T5 as Decoder for OCR

I am working on dividing the encoder and decoderpart of t5 model, here is my progress but i am not sure whether i am doing it right or not can any one help me out with this
i have given three files one for testing my encoder and decoder and other two files are encoder and decoder

import os
import torch
from transformers import T5Tokenizer, T5Config

from nlg.src.goal_bot.goal_bot_decoder import CustomDecoder
from nlg.src.goal_bot.goal_bot_encoder import CustomEncoder

if __name__ == '__main__':
    tokenizer_path = 't5-base'
    tokenizer = T5Tokenizer.from_pretrained(tokenizer_path)
    t5_config = T5Config.from_pretrained(tokenizer_path)

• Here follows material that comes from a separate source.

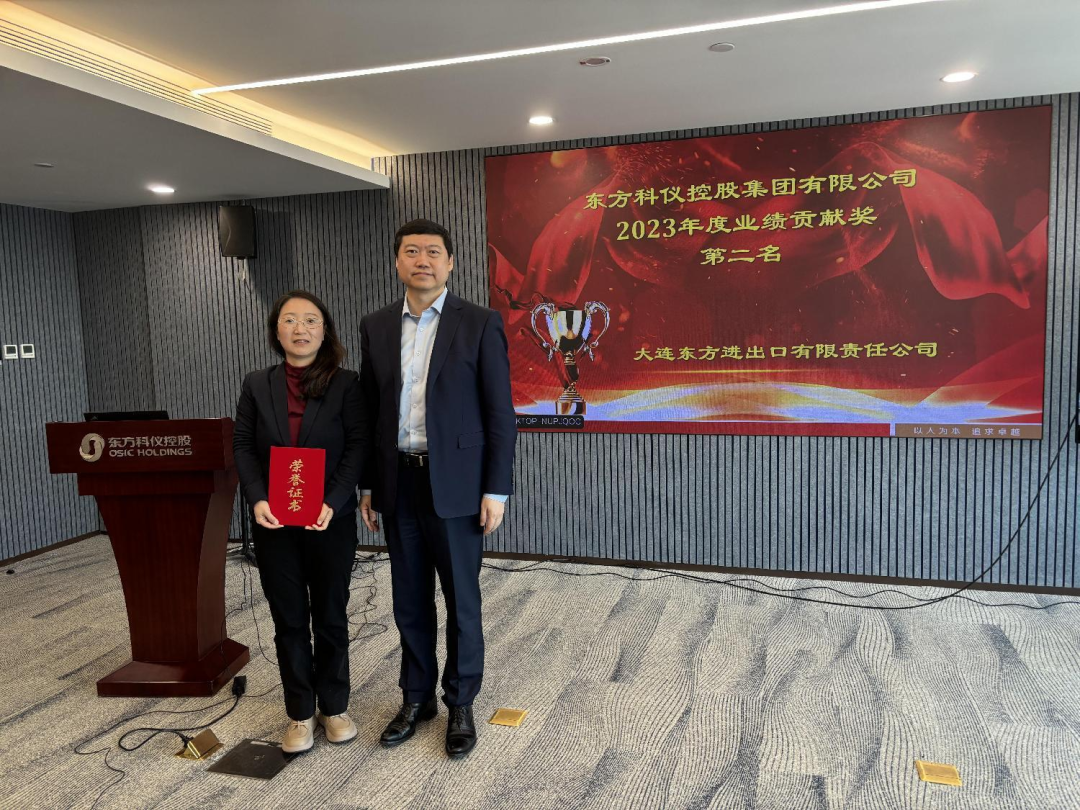 会议对2023年度控股企业业绩贡献奖、2023年度集团公司勤勉进取奖、管理创新奖和团队贡献奖进行了表彰。东方科学仪器上海进出口有限公司荣获业绩贡献奖第一名,大连东方进出口有限责任公司荣获业绩贡献奖第二名。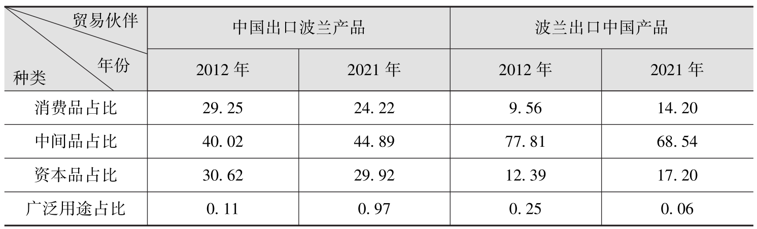 表1.1 中国—波兰双边货物出口贸易结构(按经济大类) 单位:%

    # Define paths to the model components
    base_dir = os.path.abspath('../../../path_to_saved_model/t5_base')
    encoder_path = os.path.join(base_dir, 't5_base_encoder.pt')
    decoder_path = os.path.join(base_dir, 't5_base_decoder.pt')
    lm_head_path = os.path.join(base_dir, 't5_base_lm_head.pt')

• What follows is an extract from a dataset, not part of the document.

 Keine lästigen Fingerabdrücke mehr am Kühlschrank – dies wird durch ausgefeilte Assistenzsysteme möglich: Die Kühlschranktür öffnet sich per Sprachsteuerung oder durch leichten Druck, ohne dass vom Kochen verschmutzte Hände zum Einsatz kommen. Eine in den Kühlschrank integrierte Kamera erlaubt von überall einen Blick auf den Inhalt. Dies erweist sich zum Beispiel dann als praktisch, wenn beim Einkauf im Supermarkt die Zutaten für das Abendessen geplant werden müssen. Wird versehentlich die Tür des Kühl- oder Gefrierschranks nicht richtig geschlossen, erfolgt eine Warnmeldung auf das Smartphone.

    if not os.path.exists(encoder_path):
        raise FileNotFoundError(f"Encoder file not found: {encoder_path}")
    if not os.path.exists(decoder_path):
        raise FileNotFoundError(f"Decoder file not found: {decoder_path}")
    if not os.path.exists(lm_head_path):
        raise FileNotFoundError(f"LM Head file not found: {lm_head_path}")

    # Create instances of the encoder and decoder
    customEncoder = CustomEncoder(t5_config)
    customDecoder = CustomDecoder(t5_config)

    # Tokenize input text
    input_text = "translate to german: what is your name"
    tokenized_input = tokenizer(input_text, return_tensors="pt")

    # Forward pass through the encoder
    encoder_output = customEncoder(input_ids=tokenized_input.input_ids, attention_mask=tokenized_input.attention_mask)

    # Print the keys of the encoder output to inspect its structure
    print("Encoder output keys:", encoder_output.keys())

    # Initialize decoder input ids
    decoder_input_ids = torch.tensor([[tokenizer.pad_token_id]])

    # Generate the decoded text
    for _ in range(50):  # Limit the length of the generated text
        decoder_output = customDecoder(
            decoder_input_ids=decoder_input_ids,
            decoder_attention_mask=encoder_output["attention_mask"],
            decoder_inputs_embeds=None,
            past_key_values=None,
            hidden_states=encoder_output["hidden_states"],
            attention_mask=encoder_output["attention_mask"],
            decoder_head_mask=None,
            cross_attn_head_mask=None,
            use_cache=False,
            output_attentions=False,
            output_hidden_states=False,
            return_dict=True,
            labels=None,
            encoder_outputs=(encoder_output,),
        )

        # Get the token id of the most likely next token
        next_token_id = torch.argmax(decoder_output.logits[:, -1, :], dim=-1).unsqueeze(0)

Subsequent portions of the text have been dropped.